Les chercheurs ont ensuite utilisé le modèle de qualité de l’air ATMO-Street, développé par l’Institut de recherche VITO. « Ce modèle part des flux de trafic calculés, les convertit en émissions de NO2, puis les disperse sur le territoire étudié. On peut ainsi avoir une idée, pour différents points du territoire, des niveaux de concentrations du polluant. On a ensuite simulé l’impact des divers scénarios sur cette concentration de NO2. »

Dispositif de comptage du trafic © ISSeP

Une ZBE à Namur, un statu quo à Eupen

Résultats ? A Namur, l’extension du piétonnier apparaît comme la mesure la plus efficace, puisqu’elle élimine totalement le trafic. « L’inconvénient est que cette extension va reporter le problème de pollution ailleurs, les véhicules empruntant alors un autre itinéraire. Idem pour la mise en sens unique des avenues Reine Astrid et Cardinal Mercier. Finalement, le scénario le plus pertinent reste d’instaurer une ZBE, car l’effet positif est plus homogène. »

Pour Eupen, les scénarios testés apportent un bénéfice faible sur la qualité de l’air. Les projections ont même montré que la mise en sens unique du ring pour les poids lourds serait contre-productive. « Cette mesure a peu d’impact sur les concentrations en NO2, et le modèle projette des augmentations dans d’autres rues et quartiers.»

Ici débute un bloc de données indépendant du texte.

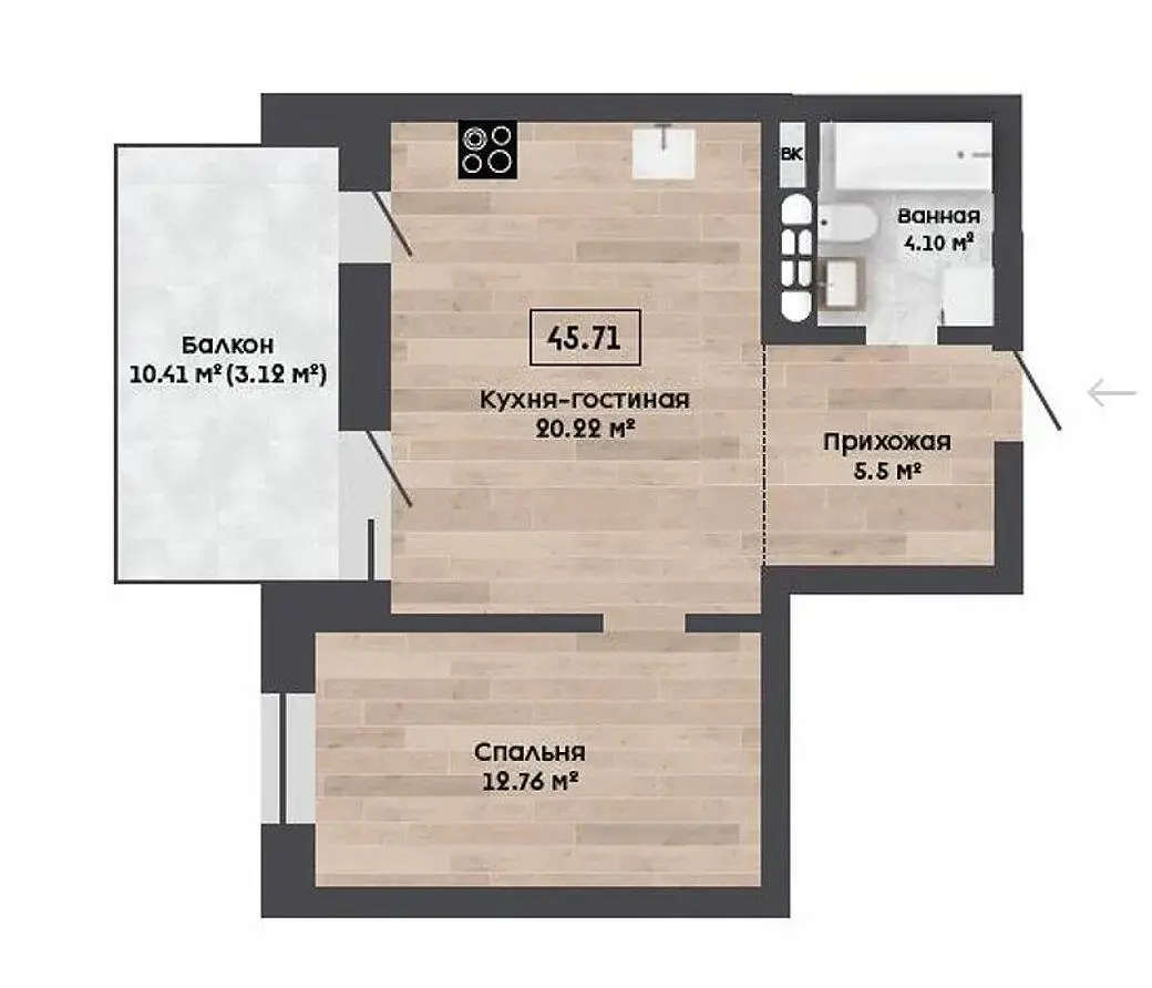 Современная планировка-отдельная спальня и просторная кухня-гостиная с выходом на балкон/террасу, с которой открывается замечательный вид.

Selon les partenaires, les modèles développés dans le projet EDIT pourront être mis à jour pour évaluer, à l’avenir, d’autres scénarios dans ces deux localités. « L’outil est techniquement transposable à d’autres communes, à condition de recalibrer le modèle de mobilité au trafic de ces nouvelles entités », ajoute Marie Dury.

Évolution des concentrations moyennes en NO2 à Namur (conditions mai 2022). (Haut) Situation en mai 2022 (Bas) Situation avec l’instauration d’une ZBE © ISSeP

Et la pollution intérieure dans tout ça ?

La chercheuse s’attelle aujourd’hui à étudier une problématique connexe à la pollution atmosphérique. « Je mène un nouveau projet qui vise à adapter des mini-stations de la qualité de l’air développées à l’ISSeP pour mesurer les polluants présents dans l’air intérieur. On cherchera aussi à développer des modèles pour mieux estimer les transferts de polluants entre l’extérieur et l’intérieur. »

Ce projet découle d’une autre étude sur l’exposition des Liégeois à des polluants liés au trafic dans l’air extérieur et intérieur. Les résultats ont notamment montré que les citoyens sont généralement moins exposés à leur travail qu’à la maison. Ou, encore, que l’exposition au carbone noir est plus élevée à l’intérieur des bus qu’à l’extérieur de leur habitacle.

Ces multiples recherches menées par l’ISSeP permettent, et permettront à l’avenir, de davantage conseiller les pouvoirs publics dans leurs stratégies pour améliorer l’air que nous respirons, encore trop souvent pollué.